Trains that Pass in the Night

Artist (American, born Germany, 1894 - 1977)
Date1975
Mediumoil on canvas
DimensionsImage: 23 9/16 × 29 9/16 in. (59.8 × 75.1 cm)
Frame: 31 3/4 × 37 3/8 × 2 in. (80.6 × 94.9 × 5.1 cm)
ClassificationsPainting
Credit LineGift of Otto August Kuhler, 1977
Object number3656.23P
DescriptionA black steam locomotive is passing a passenger train in a nighttime scene. The locomotive has a large tail of black steam spilling from the smoke stack at the top. Its single headlight shines towards the right side of the image. The green colored coach car of the passenger train is running parallel behind the locomotive going in the opposite direction. In the foreground, the snow covers the ground and a large patch of ice covers the ground at the right.
eMuseum Notes

Artist statement in regards to the painting: "Trains that pass in the night is the result of treasured memories more than half a century old, acquired during a long life with Railroads in Europe and America. Often it is based on flash impressions I have retained from the years when “Fine Art” was still limited to the presentation of more “lovely” subjects than the creation of energy by steam and fire. My family background of nearly three centuries with steam and steel patterned my future, linking my inborn artistic talent with unique experience of mechanical anatomy.

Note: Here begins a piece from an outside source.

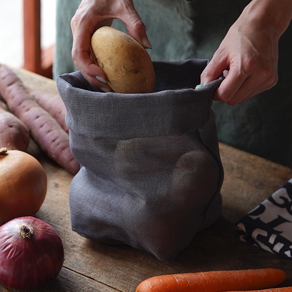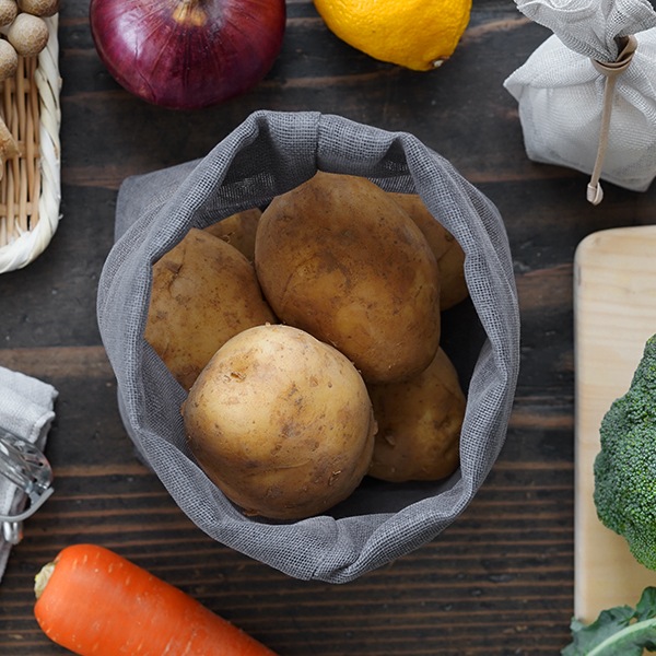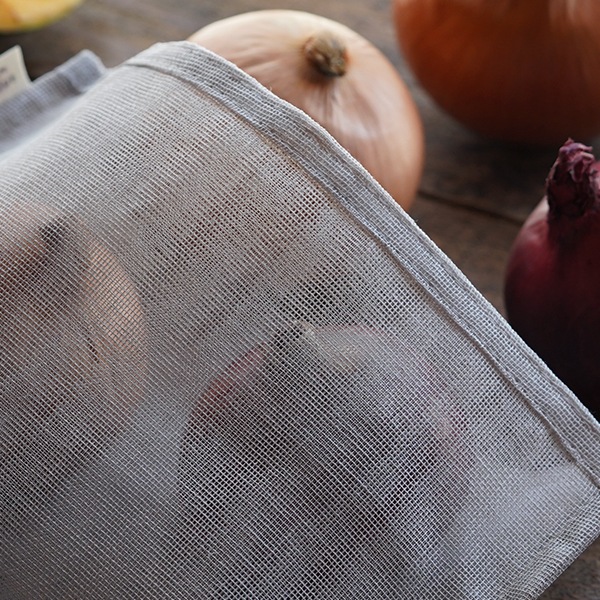 衣類から布巾など、蚊帳生地のアイテムは様々ですが、用途によって重ねが異なります。ちょっと重量のあるじゃがいもや玉ねぎを入れたい「野菜袋L」は、通気性に丈夫さをプラスした二重仕立てになっています。蚊帳(かや)生地とは
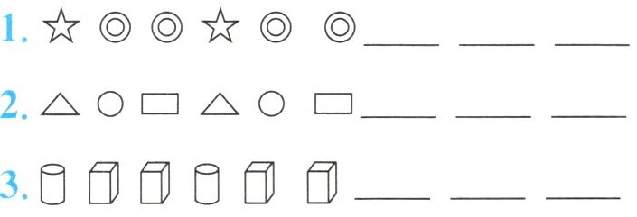 1. ☆ ◎ ◎ 2. △ ○ □ 3.略

Today this painting therefore deserves a detailed explanation: The Racing Ironmaster in the foreground thunders across a snow covered grade-crossing indicated by automobile tracks in the snow, while hauling a string of Pullman sleeping cars, while the opposite moving train in the background is of similar consist. Since in my days of designing streamlined trains I traveled much, the lighted window in the Pullman might have been my overnight quarter where many of my original thoughts were put on paper. A fleeting scene from a moving train window often engraved itself indelibly on my mind, often to be made into a painting many years later, but still long before an enthusiastic shutterbug could retain on film a scene as portrayed. While only snow deposits on ventilators of the clerestory as well as in the corners of the windows indicate the movement of the background train, it is even more pronounced by the underside illumination of the steam cloud, indicating that the fireman is opening the door (or doors) of the firebox. It is such attention to detailed observation that are necessary to create honest art." Santa Fe, New Mexico, May 7, 1975. Otto Kuhler.